Crude Oil prices took a hit on Monday as OPEC+ failed to meet energy traders’ expectations by announcing the beginning of a phase-out of voluntary production cuts. These cuts were put in place to keep 2.2 million barrels per day off the market in an effort to support global barrel prices amidst an oversupply of Crude Oil. However, some key members of OPEC+ are now looking to phase out these production limits starting in October, leading to a decline in Crude Oil prices.
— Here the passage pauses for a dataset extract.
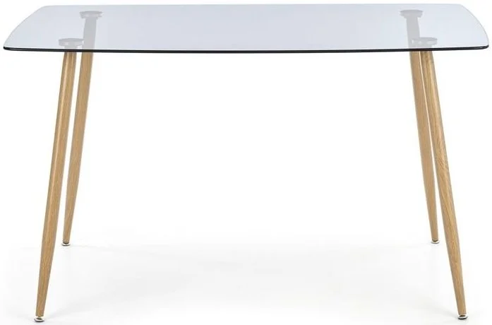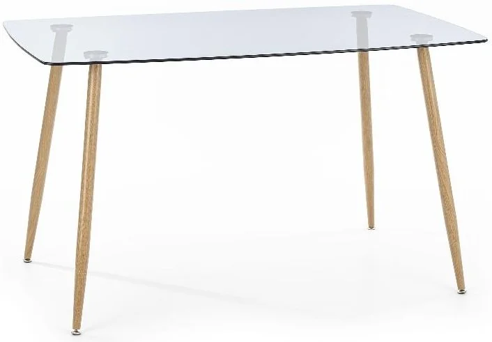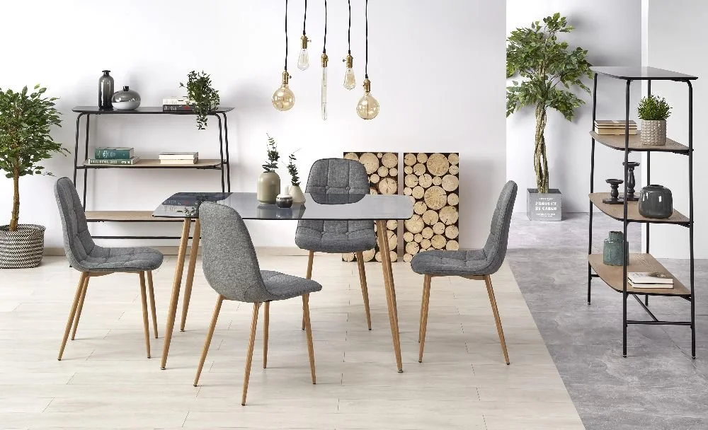 Ett snyggt matbord med en stilren design. Bordsskivan är tillverkad av mycket tåligt rökfärgat glas och underredet är av ekfolierad metall med en snygg trä look.
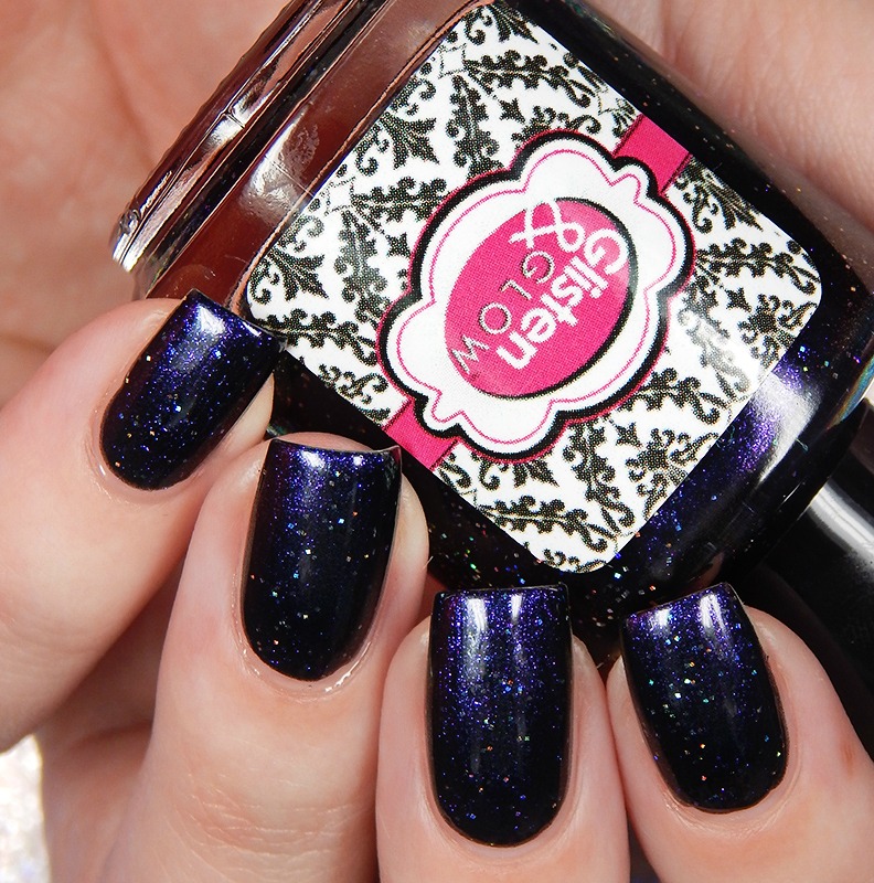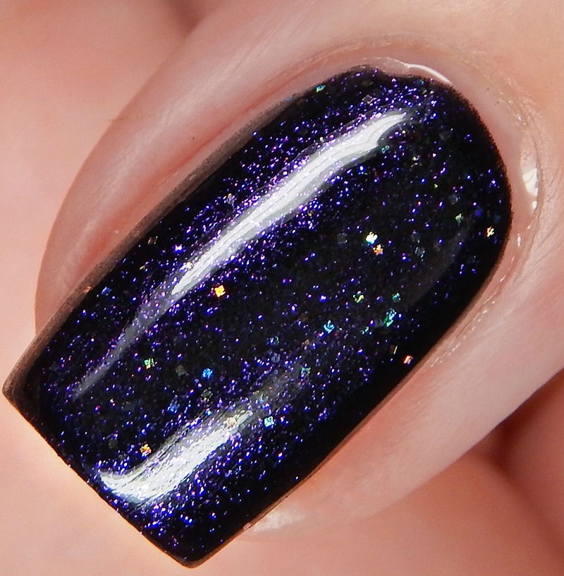 Sarcasm. My 2nd Language. is a black base loaded with blackened violet shimmer with silver galaxy microglitters. I used 2 coats and a glossy top coat for these photos.

As a result, WTI prices dropped to $74.00 per barrel, marking an 8% decline from last week’s peak near $80.40 per barrel. The technical outlook for WTI suggests that there may be further downside potential, with a demand zone from $77.00 to $76.00 possibly turning into a heavy supply zone as profit-taking from rebound bets kicks in. In fact, US Crude Oil is on track for its worst day in 2024, down nearly 4% from the day’s opening bids near $77.00 and testing lows last seen in February.
Looking ahead, US Crude Oil traders will be keeping a close eye on weekly updates on barrel counts from the API and EIA, due on Tuesday and Wednesday, respectively. Last week’s reports showed a reduction in Crude Oil supplies, but inventories in upstream refined Crude Oil products increased after an expected rise in US Crude Oil demand at the start of the Memorial Day driving season did not materialize. This unexpected surplus left refineries with more inventory than anticipated.
The decline in Crude Oil prices can also be attributed to the uncertainty surrounding the global energy market, with concerns about a possible oversupply as output continues to outpace demand. OPEC+ has been working to support prices through voluntary production cuts, but some members are now looking to phase out these measures. As a result, the market remains volatile, with traders reacting to news and data releases in real-time. The situation will continue to evolve in the coming months as OPEC+ decides on the future of production limits and global energy demand shifts.